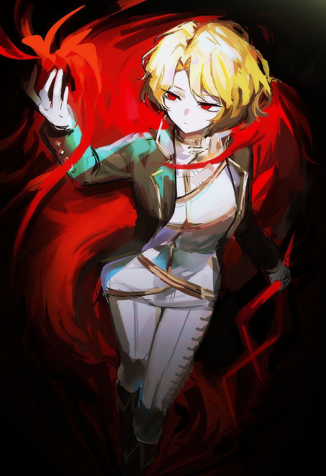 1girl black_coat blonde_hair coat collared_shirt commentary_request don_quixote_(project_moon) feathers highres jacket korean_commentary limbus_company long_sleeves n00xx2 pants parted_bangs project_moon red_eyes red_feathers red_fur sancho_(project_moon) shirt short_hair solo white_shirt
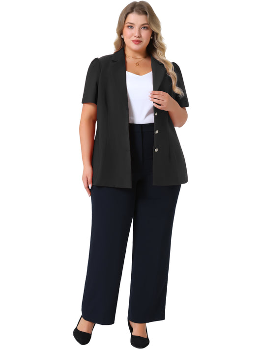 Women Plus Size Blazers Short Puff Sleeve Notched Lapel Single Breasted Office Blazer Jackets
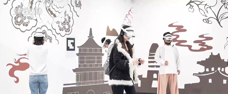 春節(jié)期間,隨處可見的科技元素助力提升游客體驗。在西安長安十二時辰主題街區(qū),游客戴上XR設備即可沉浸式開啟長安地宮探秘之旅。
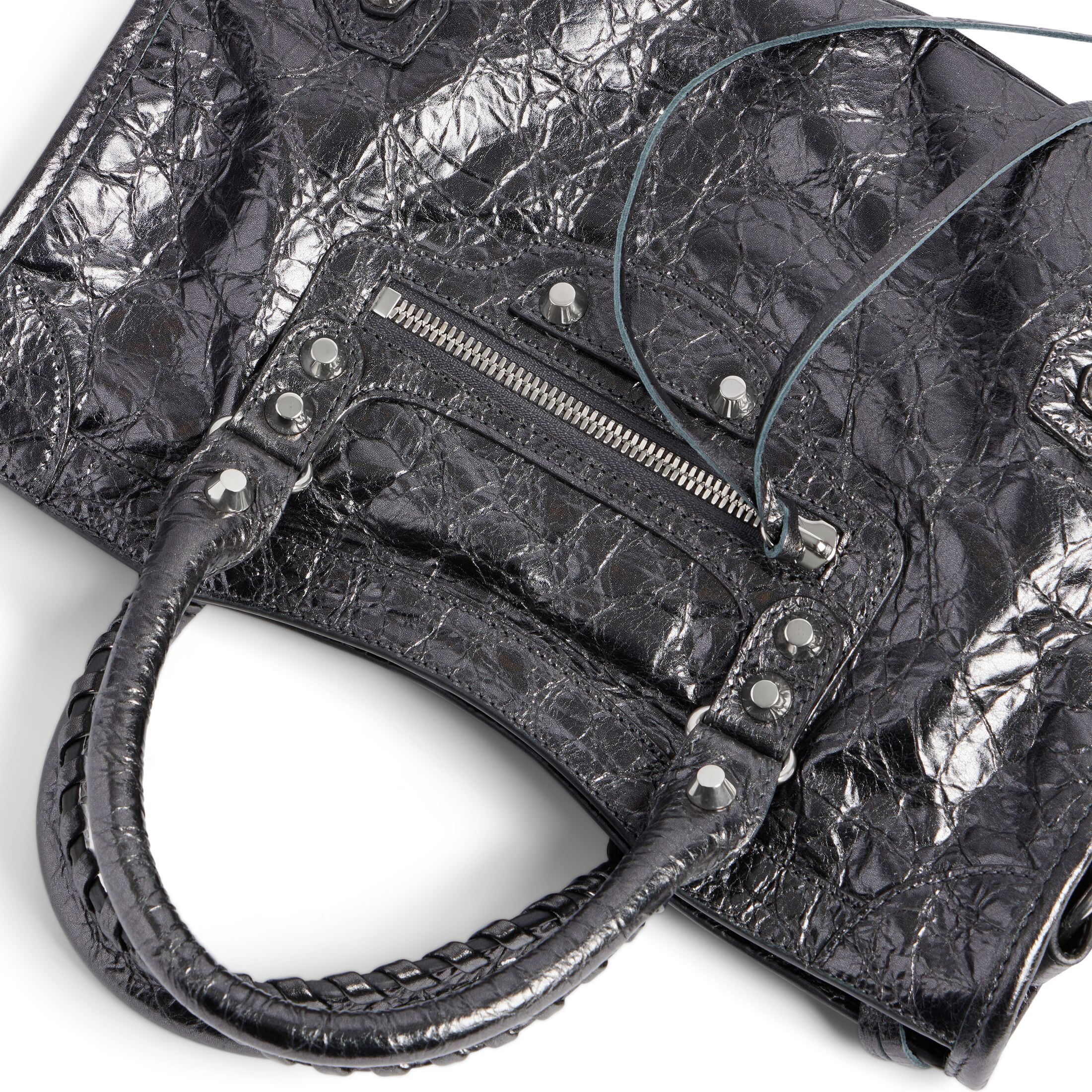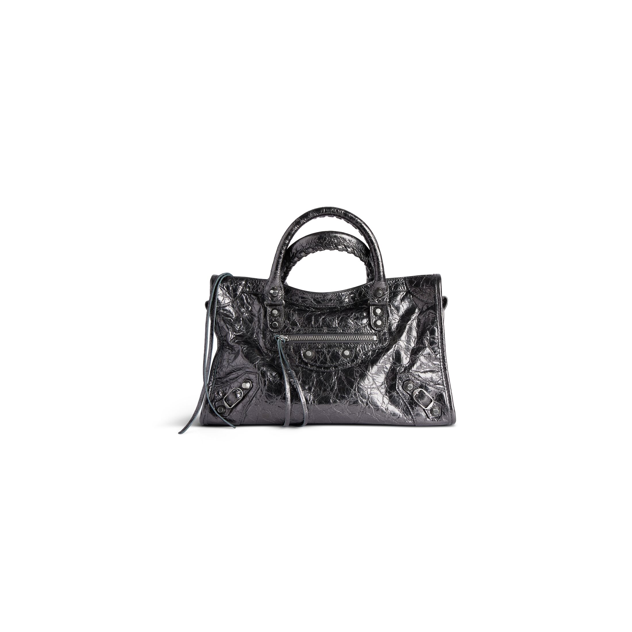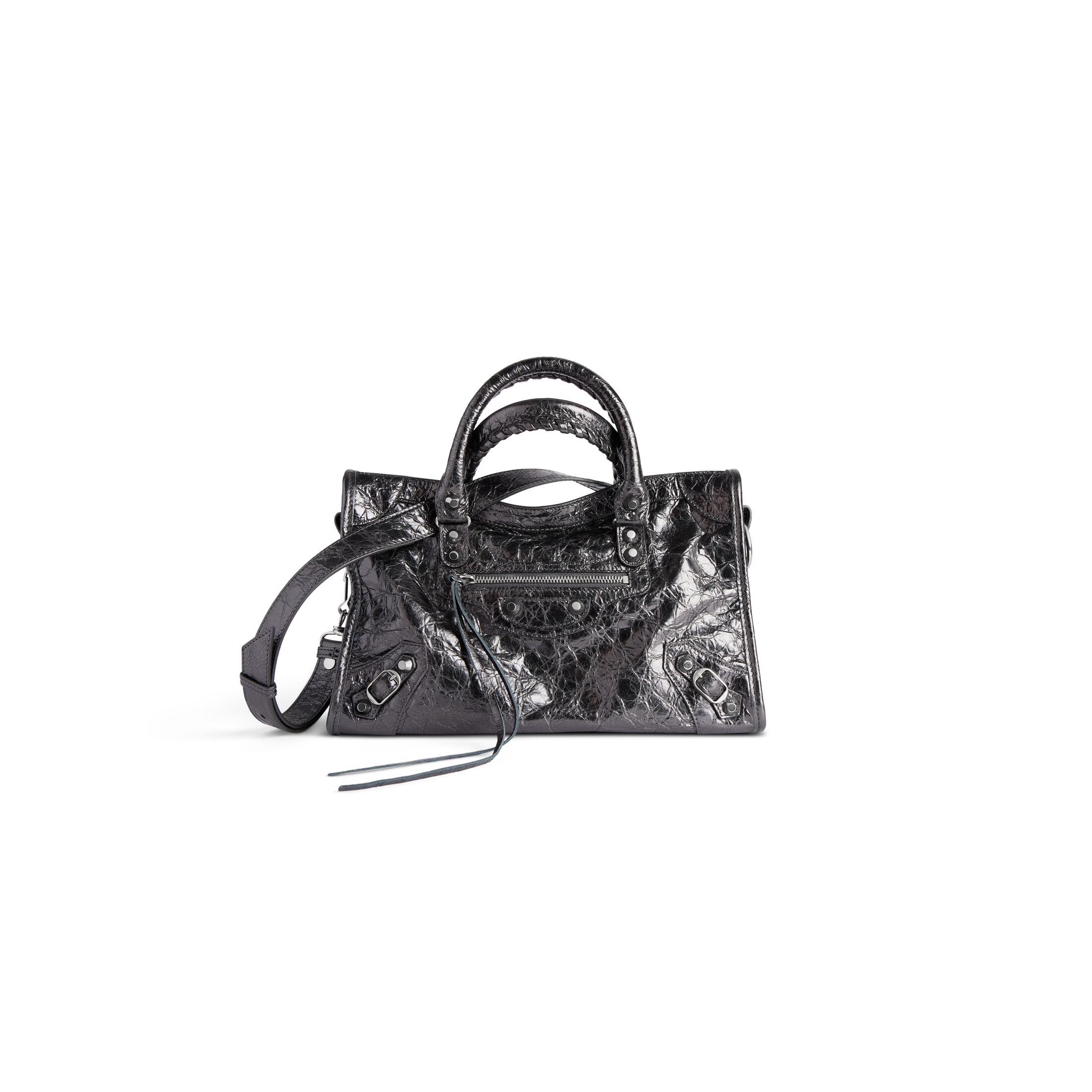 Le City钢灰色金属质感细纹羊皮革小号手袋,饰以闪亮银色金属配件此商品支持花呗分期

....

Set down the material exactly as given, but print none of the pictures.

 1girl black_coat blonde_hair coat collared_shirt commentary_request don_quixote_(project_moon) feathers highres jacket korean_commentary limbus_company long_sleeves n00xx2 pants parted_bangs project_moon red_eyes red_feathers red_fur sancho_(project_moon) shirt short_hair solo white_shirt
 Women Plus Size Blazers Short Puff Sleeve Notched Lapel Single Breasted Office Blazer Jackets
 春節(jié)期間,隨處可見的科技元素助力提升游客體驗。在西安長安十二時辰主題街區(qū),游客戴上XR設備即可沉浸式開啟長安地宮探秘之旅。
 Le City钢灰色金属质感细纹羊皮革小号手袋,饰以闪亮银色金属配件此商品支持花呗分期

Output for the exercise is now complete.